Netos queridos, estareis, certamente, recordados da crítica do instrucionismo que, magistralmente, o meu amigo Celso descreveu, num tempo em que a escola de massas fomentava a destruição em massa. A hegemonia instrucionista ignorava as contribuições das ciências da educação. Mas, a voz do Celso e as de outros mestres se fizeram ouvir. A máxima de Walt Disney “The way to get started is to quit talking and begin doing” (A maneira de iniciar é parar de falar e começar a fazer) teve tradução no ensaio do amigo Celso. Com a devida vénia, cito o Mestre:

O ser humano se constitui por sua atividade, em todos os aspectos (condição humana: não nascemos prontos). O conhecimento é estabelecido no sujeito por sua ação sobre o objeto. O conhecimento não se dá por “osmose”: não adianta o sujeito estar ao lado, em contato com o objeto, se não atuar sobre ele.

Dois sujeitos podem estar realizando a mesma ação — por exemplo, ouvindo o professor —, mas com graus de interação com o objeto de estudo bastante diferentes. Isto significa que não basta a ação; tem de ser uma ação consciente e voluntária, portanto, intencional. Tal perspectiva se contrapõe à ação mecânica, ao “programa” rígido (como um chip implantado).

No decorrer do processo de conhecimento, o sujeito precisa se expressar. O ciclo de aprendizagem só se completa com a expressão por parte do sujeito. São pouquíssimos os espaços de expressão dos alunos durante as aulas. O grande espaço costuma ser nas famigeradas provas (geralmente vinculadas a processos classificatórios, para fins de exclusão), onde os conteúdos devem ser reproduzidos, “devolvidos” (educação bancária-Freire).

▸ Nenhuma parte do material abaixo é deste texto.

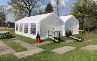 Zondag 14 april verzorgden wij voor een vrijwilligersmiddag de inrichting en tent in Lemelerveld. Op een mooie locatie bouwden wij een tent van 8 x 8 meter waar voor ruim 60 personen genoeg ruimte was om gezellig het glas te heffen en een goed gesprek te voeren. De materialen voor deze klus komen natuurlijk uit eigen assortiment, en kunnen naar wens op vele manieren worden ingezet. De foto’s spreken voor zich.

Como não há atividade verdadeira, como não se desenvolve autonomia ao longo dos (longos) dias letivos, na expressão não há criação, não há autoria. Diante de uma pro(im)posta de escrita, por exemplo, uma fala inocente, e relativamente recorrente, do aluno denuncia a grande farsa, o grande equívoco da prática instrucionista: “Professora, posso escrever com as minhas palavras?” É muito triste! Aprendeu, desde muito cedo que não pode escrever com as suas (dele aluno) palavras, mas com as palavras do professor e/ou do livro didático (…) A partir da abordagem dos fundamentos epistemológicos vê-se o grande equívoco da prática instrucionista.

Por meados de julho, insensível a vozes sábias, a administração educacional obrigava escolas e professores a exportar para os lares de metade dos alunos inúteis aulas online. E preparava o “regresso às aulas”, então fantasiadas de “híbridas”.

Contrastando com a insanidade, a Rede de Comunidades de Aprendizagem, que assumiria visibilidade pública nesse mesmo mês de julho, era legitimada na contribuição das ciências da educação, de que o amigo Celso era digno representante, antecedido de contribuições de geniais educadores. Citarei apenas alguns: Lauro de Oliveira Lima, Amanda Alberto, Agostinho da Silva, Helena Antipoff, Lourenço Filho, Amanda, Nise da Silveira, Eurípedes Barsanulfo, Anália Franco, Herculano Pires, Milton Santos, Florestan Fernandes, Paulo Freire, Nilde Mascellani, Anísio Teixeira, Darcy Ribeiro…

Se a produção científica dos mestres denunciava “a grande farsa, o grande equívoco da prática instrucionista”, por que razão ela se mantinha? Onde encontrariam as secretarias de educação legitimidade para as impor?

Em lado algum! Cientificamente, a administração educacional denotava mais de um século de atraso. E, impunemente, permanecia… fora da lei.